EXERCISE REQUIREMENTS
Pictures are to be left out, and only the lines below starting at the one with "- спортивные площадки" and ending at the one with "Vezměte jednu kouli" are to be reproduced, each exactly, both ends included.

MATERIAL FOR THE TASK
--

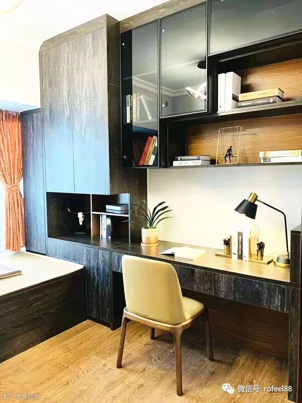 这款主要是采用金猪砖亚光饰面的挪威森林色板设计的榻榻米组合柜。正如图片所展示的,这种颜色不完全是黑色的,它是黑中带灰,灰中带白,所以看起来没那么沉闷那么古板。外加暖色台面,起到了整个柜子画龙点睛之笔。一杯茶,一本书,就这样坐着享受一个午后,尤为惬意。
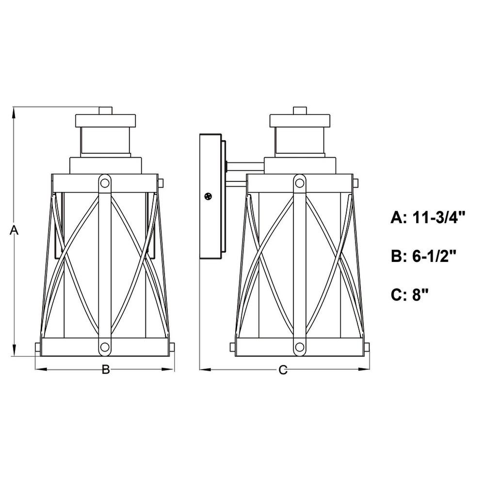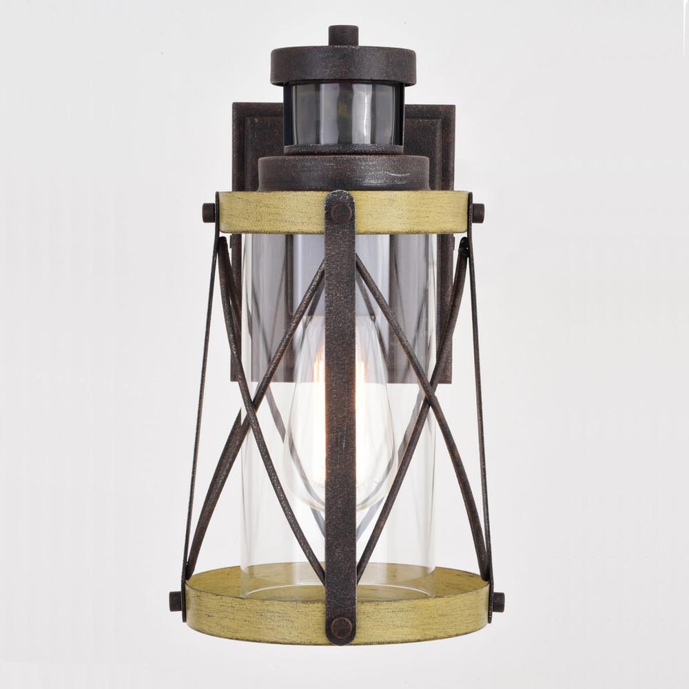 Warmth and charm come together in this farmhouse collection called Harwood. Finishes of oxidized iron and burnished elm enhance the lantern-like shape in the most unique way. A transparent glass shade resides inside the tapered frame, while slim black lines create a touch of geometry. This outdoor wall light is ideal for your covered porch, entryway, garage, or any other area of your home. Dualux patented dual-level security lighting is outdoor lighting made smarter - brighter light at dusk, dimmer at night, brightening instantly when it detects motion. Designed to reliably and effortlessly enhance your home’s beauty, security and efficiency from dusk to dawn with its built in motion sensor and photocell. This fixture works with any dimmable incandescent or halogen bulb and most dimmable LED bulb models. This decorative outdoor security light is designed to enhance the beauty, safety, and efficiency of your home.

--

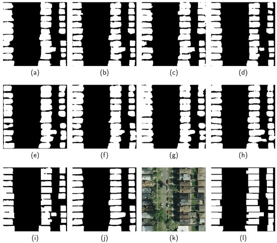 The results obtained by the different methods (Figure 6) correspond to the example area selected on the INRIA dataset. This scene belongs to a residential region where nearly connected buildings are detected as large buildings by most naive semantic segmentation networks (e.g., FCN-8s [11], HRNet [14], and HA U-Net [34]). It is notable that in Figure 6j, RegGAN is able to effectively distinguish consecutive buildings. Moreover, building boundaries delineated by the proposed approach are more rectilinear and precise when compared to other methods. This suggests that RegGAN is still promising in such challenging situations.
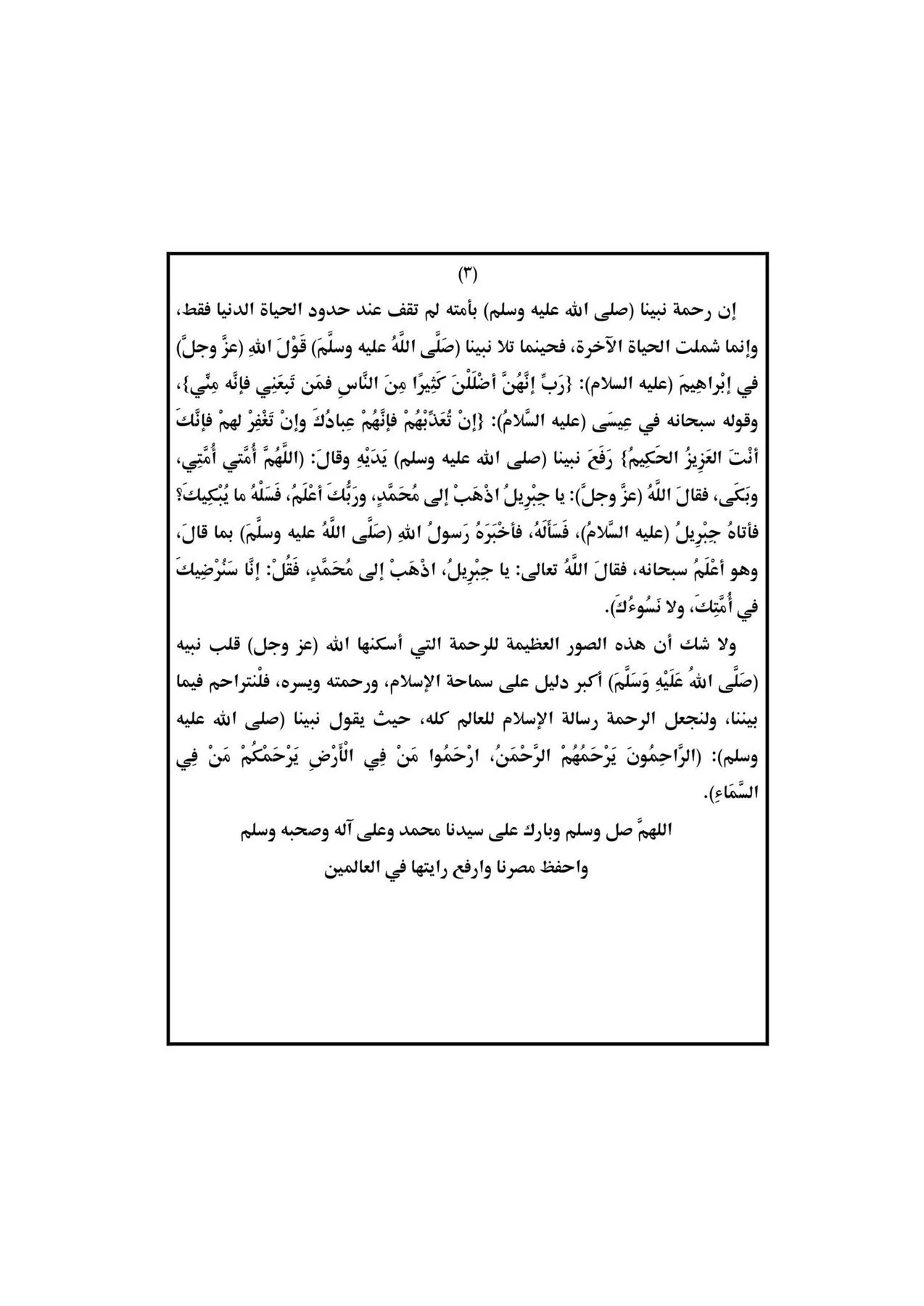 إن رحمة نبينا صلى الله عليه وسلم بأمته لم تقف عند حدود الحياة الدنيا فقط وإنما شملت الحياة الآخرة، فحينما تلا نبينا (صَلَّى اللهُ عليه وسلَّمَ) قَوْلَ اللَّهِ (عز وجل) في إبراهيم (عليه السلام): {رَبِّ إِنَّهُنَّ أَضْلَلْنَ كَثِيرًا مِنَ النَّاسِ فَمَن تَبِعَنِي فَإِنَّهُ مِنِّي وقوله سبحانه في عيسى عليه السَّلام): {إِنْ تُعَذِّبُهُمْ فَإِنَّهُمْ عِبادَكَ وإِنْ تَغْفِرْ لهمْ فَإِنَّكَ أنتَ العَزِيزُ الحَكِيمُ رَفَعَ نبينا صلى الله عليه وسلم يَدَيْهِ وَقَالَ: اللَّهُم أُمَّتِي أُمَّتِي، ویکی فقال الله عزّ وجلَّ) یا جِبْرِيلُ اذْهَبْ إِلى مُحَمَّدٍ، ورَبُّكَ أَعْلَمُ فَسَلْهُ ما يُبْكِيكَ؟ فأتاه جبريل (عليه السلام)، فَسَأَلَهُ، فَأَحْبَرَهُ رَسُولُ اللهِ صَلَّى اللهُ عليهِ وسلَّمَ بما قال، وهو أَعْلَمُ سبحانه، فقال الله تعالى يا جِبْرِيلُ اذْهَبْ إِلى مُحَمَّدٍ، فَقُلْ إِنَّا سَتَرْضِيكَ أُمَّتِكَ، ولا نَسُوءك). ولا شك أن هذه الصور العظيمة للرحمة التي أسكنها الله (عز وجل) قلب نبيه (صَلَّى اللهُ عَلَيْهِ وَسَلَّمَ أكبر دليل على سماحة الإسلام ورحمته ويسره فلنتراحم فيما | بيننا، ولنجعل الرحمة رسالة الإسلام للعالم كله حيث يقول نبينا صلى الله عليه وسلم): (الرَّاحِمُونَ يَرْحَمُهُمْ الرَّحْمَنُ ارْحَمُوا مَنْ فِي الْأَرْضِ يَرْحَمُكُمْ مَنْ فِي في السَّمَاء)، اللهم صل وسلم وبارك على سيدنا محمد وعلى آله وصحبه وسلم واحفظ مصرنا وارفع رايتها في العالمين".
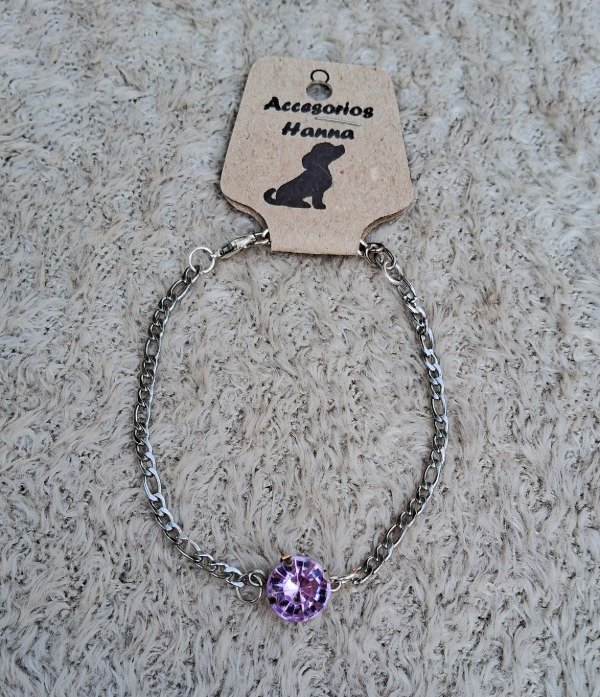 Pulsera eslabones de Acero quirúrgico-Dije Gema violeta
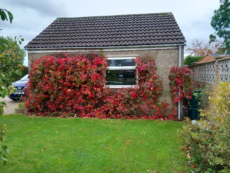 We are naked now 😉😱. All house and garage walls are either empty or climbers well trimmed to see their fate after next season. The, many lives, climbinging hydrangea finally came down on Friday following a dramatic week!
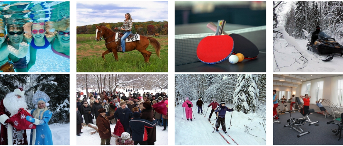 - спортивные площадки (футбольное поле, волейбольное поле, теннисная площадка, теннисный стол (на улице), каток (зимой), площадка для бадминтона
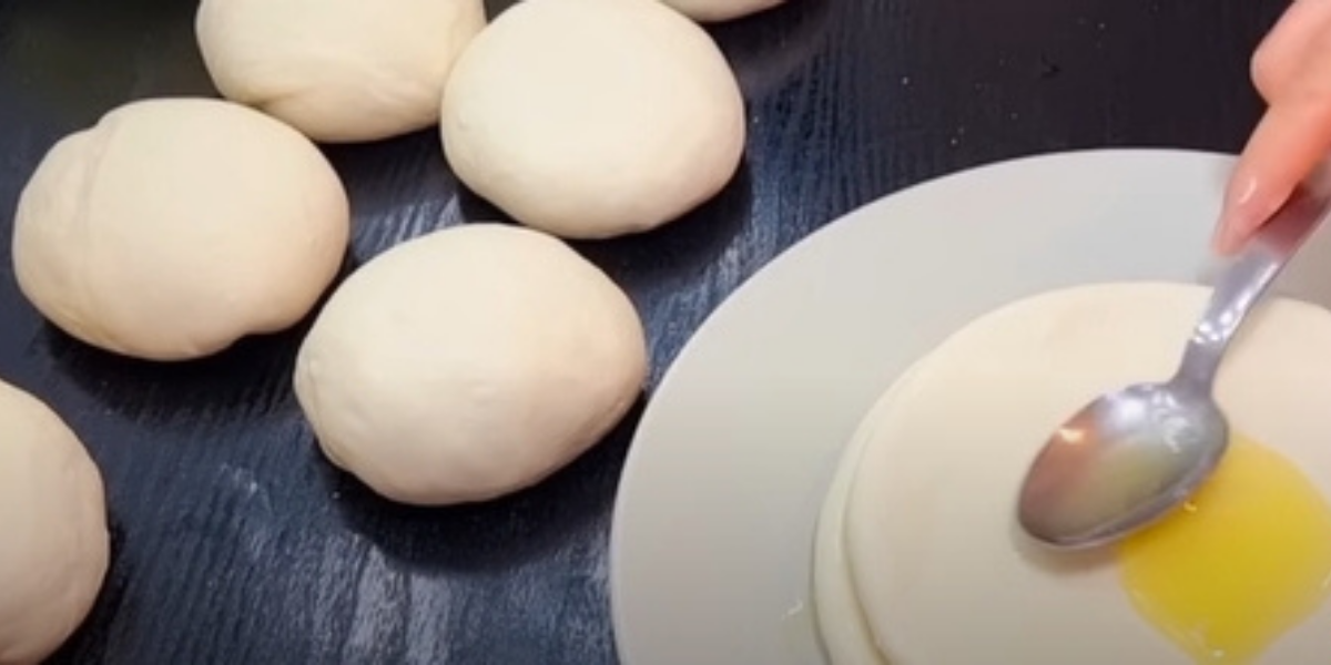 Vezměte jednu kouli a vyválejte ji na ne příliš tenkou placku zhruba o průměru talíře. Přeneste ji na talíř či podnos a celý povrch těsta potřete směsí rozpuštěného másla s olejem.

--

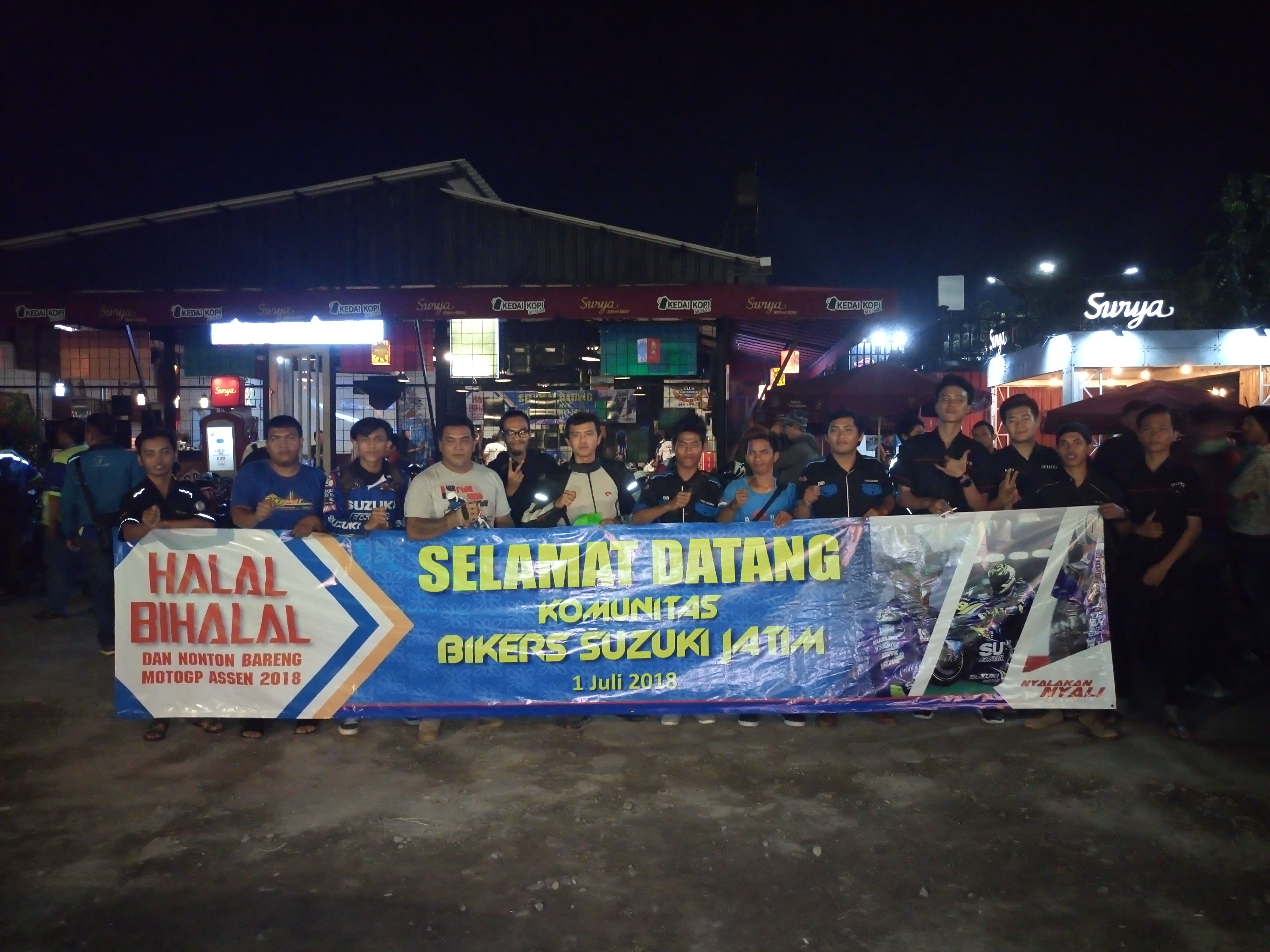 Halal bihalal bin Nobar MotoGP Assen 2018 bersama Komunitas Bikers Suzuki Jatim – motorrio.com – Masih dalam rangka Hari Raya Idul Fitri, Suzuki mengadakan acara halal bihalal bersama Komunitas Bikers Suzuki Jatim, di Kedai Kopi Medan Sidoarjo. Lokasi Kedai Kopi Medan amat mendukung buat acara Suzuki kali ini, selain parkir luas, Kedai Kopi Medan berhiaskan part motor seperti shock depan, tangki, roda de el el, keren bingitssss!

--

TASK RESULT
 - спортивные площадки (футбольное поле, волейбольное поле, теннисная площадка, теннисный стол (на улице), каток (зимой), площадка для бадминтона
 Vezměte jednu kouli a vyválejte ji na ne příliš tenkou placku zhruba o průměru talíře. Přeneste ji na talíř či podnos a celý povrch těsta potřete směsí rozpuštěného másla s olejem.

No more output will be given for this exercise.